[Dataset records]
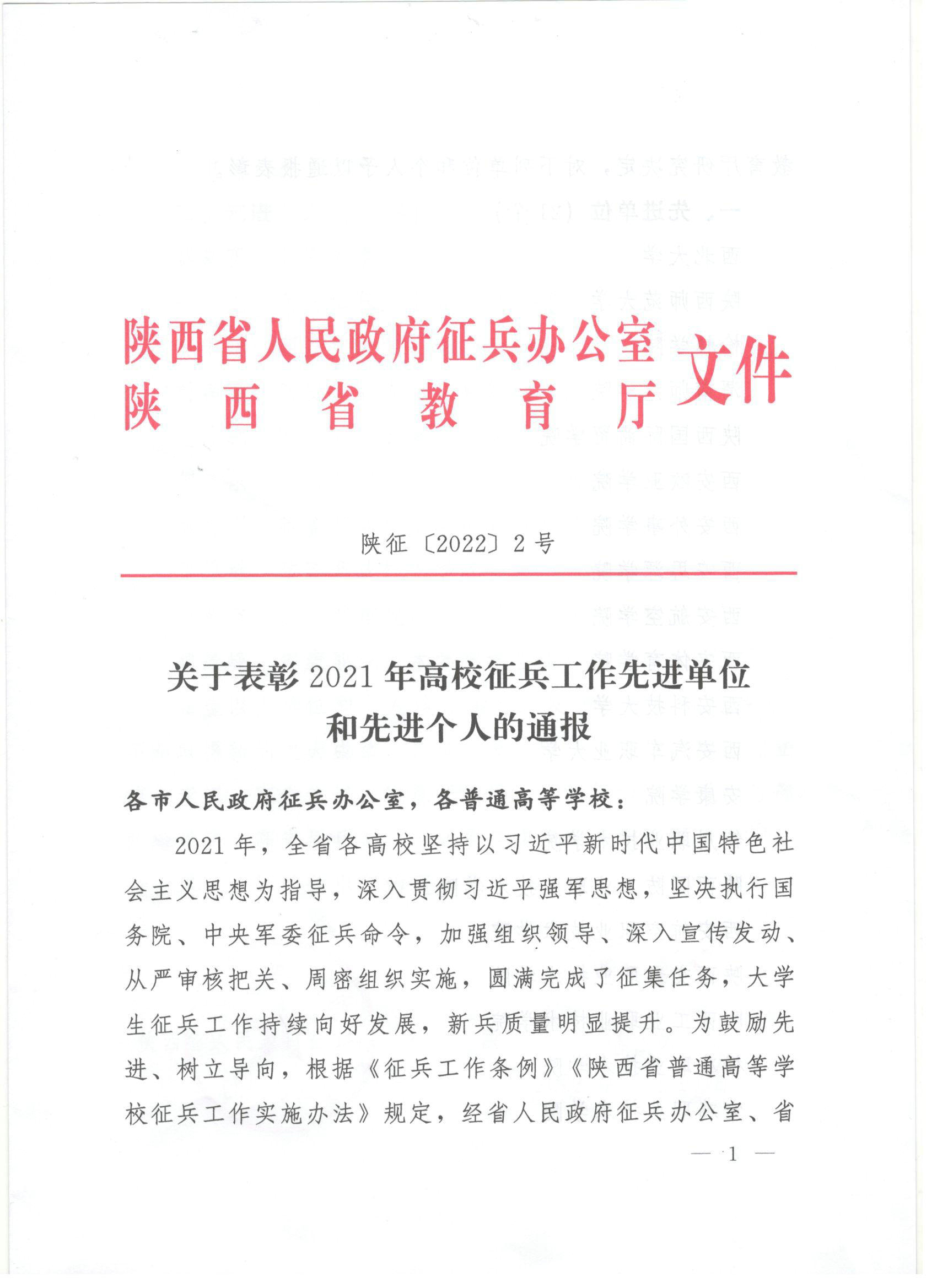 近日,陕西省人民政府征兵办公室、陕西省教育厅联合下发《关于表彰2021年高校征兵工作先进单位和个人通报》(陕征〔2022〕2号),beat365荣获“2021年陕西省高校征兵工作先进单位”,这也是beat365连续第四年获此殊荣。
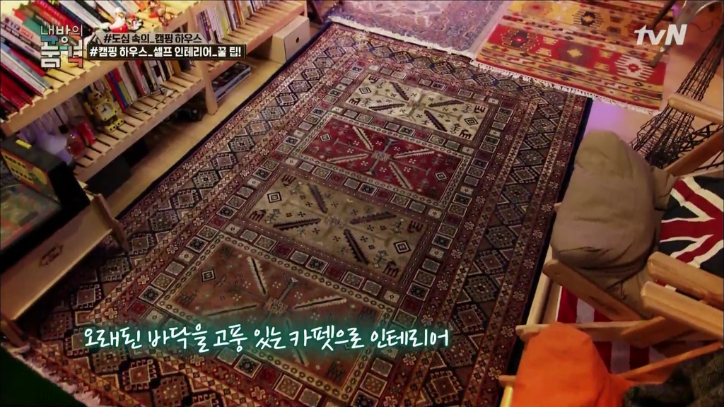 내방의품격 아날로그라이프 님의 캠핑하우스 바닥은 별다른 시공 없이 두바이 여행 중 월마트에서 6만원에 구입한 카페트로 그냥 덮어 버렸다.
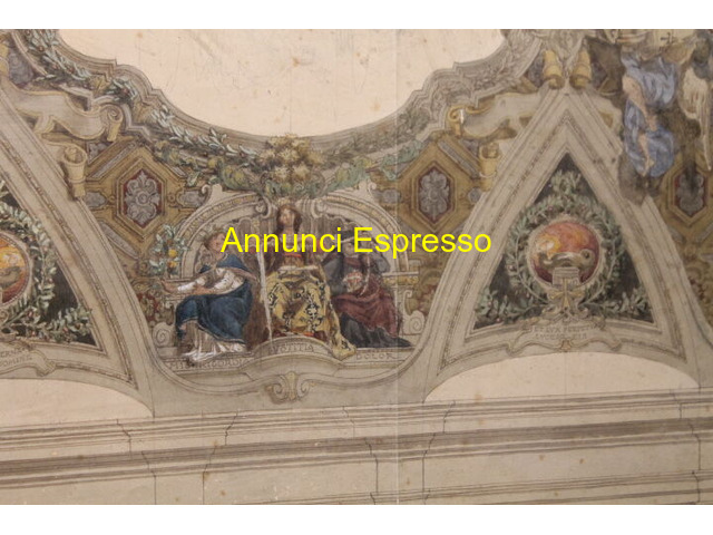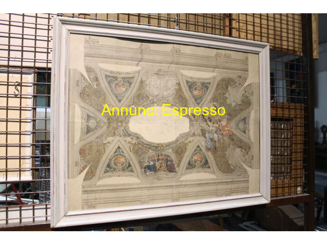 Antico dipinto acquerello studio prospetto prezzo EUR.580,00 Antico dipinto ad acquerello di grande qualità , studio di prospetto di soffitto antico XIX secolo . Mis 85 x 70 compresa cornice . Cm 78, 50 x cm 60 solo dipinto . Viterbo (VT)
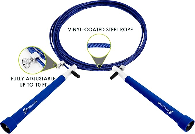 ProsourceFit Speed Jump Rope 10’ Adjustable Length, Super Fast Turning for Cardio, Boxing
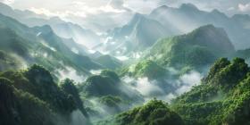 Panoramic view of misty mountains and lush green valleys - Ai Generated
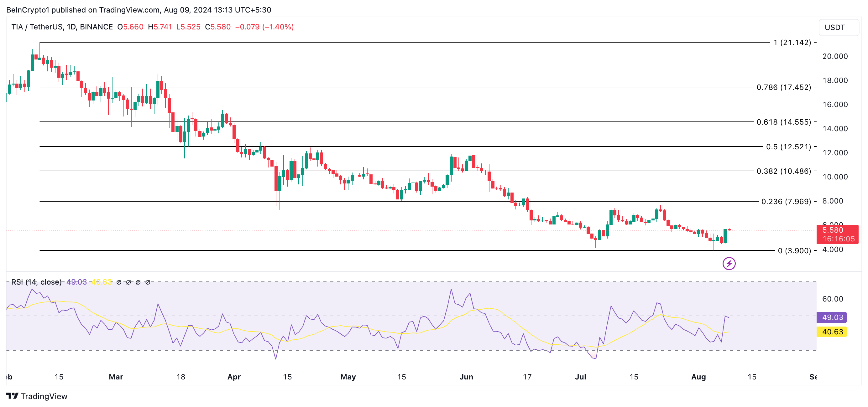 Até o momento, a TIA é negociada a US$ 5,58. No início da sexta-feira, a altcoin atingiu uma alta de sete dias de US$ 5,63 antes de sofrer uma ligeira correção.
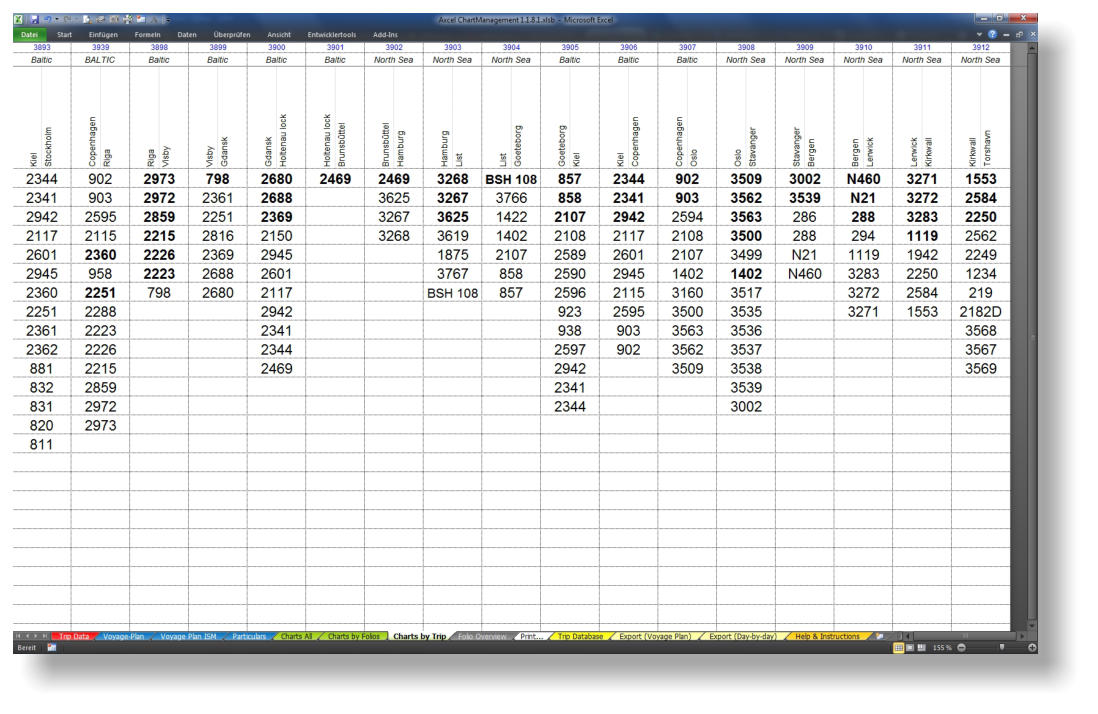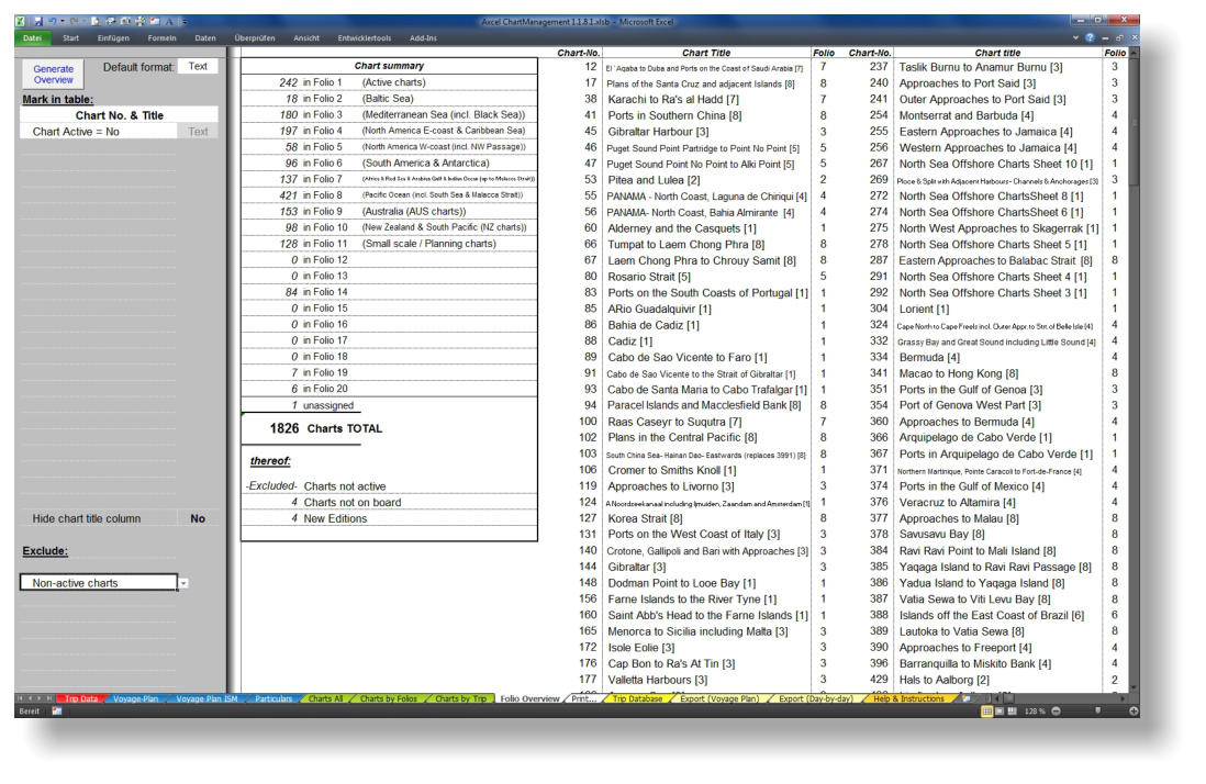 Axcel ChartManagement findet seine Anwendung an Bord von Seeschiffen. In diesem Excel-Programm können Routendaten abgespeichert und leicht wiedergefunden werden. Ebenfalls bietet es eine komfortable Verwaltung der an bord befindlichen Seekarten. Das Programm verknüpft beide Elemente und bietet die Möglichkeit, diese Informationen in ein in Excel eingebettetes Voyage Planning Form (Formblatt zur Routenplanung) per Knopfdruck einzufüllen. Insbesondere bei fast täglichen Routen und dichter Hafenfolge kann so viel Zeit erspart werden. Insbesondere dann, wenn Routen wiederholt gefahren werden und einige Informationen (wie Gesamtdistanz, Revierzeiten und Revierdistanzen, Funkfrequenzen, Nautische Publikationen etc.) wiederverwendet werden können. Intuitive Bedienbarkeit Die Kartenverwaltung besteht aus zwei Tabellenblättern: “Charts all” und “Charts by Folios”. Beide Tabellenblätter arbeiten zusammen, d.h. in einem Tabellenblatt vorgenommene Änderungen werden in das jeweils andere Tabellenblatt übernommen. Insgesamt stehen 20 sog. “Folios” (=Gruppen) zur Verfügung. Jede Karte kann flexibel in einen dieser Folios eingeordnet werden, die thematisch eine logische Gruppe darstellen können (z.B. eine Gruppe für ein bestimmtes Fahrtgebiet oder eine Gruppe entspricht der Schublade des Kartentisches auf der Brücke). Alle Karten können mit einem Datum des an Bord kommens und des von Vord gehens versehen werden. Die in der Routendatenbank für eine Route hinterlegten Seekarten werden bei Laden der Route per Formel mit dem Kartenbestand in der Inventurliste verglichen und der Status sogleich farblich markiert. .

### WHAT YOU NEED TO DO
The answer must be an exact copy of the lines above, from the start of the records through the line with "ProsourceFit Speed Jump", and of nothing else; no pictures belong in it.

### RESPONSE
 近日,陕西省人民政府征兵办公室、陕西省教育厅联合下发《关于表彰2021年高校征兵工作先进单位和个人通报》(陕征〔2022〕2号),beat365荣获“2021年陕西省高校征兵工作先进单位”,这也是beat365连续第四年获此殊荣。
 내방의품격 아날로그라이프 님의 캠핑하우스 바닥은 별다른 시공 없이 두바이 여행 중 월마트에서 6만원에 구입한 카페트로 그냥 덮어 버렸다.
 Antico dipinto acquerello studio prospetto prezzo EUR.580,00 Antico dipinto ad acquerello di grande qualità , studio di prospetto di soffitto antico XIX secolo . Mis 85 x 70 compresa cornice . Cm 78, 50 x cm 60 solo dipinto . Viterbo (VT)
 ProsourceFit Speed Jump Rope 10’ Adjustable Length, Super Fast Turning for Cardio, Boxing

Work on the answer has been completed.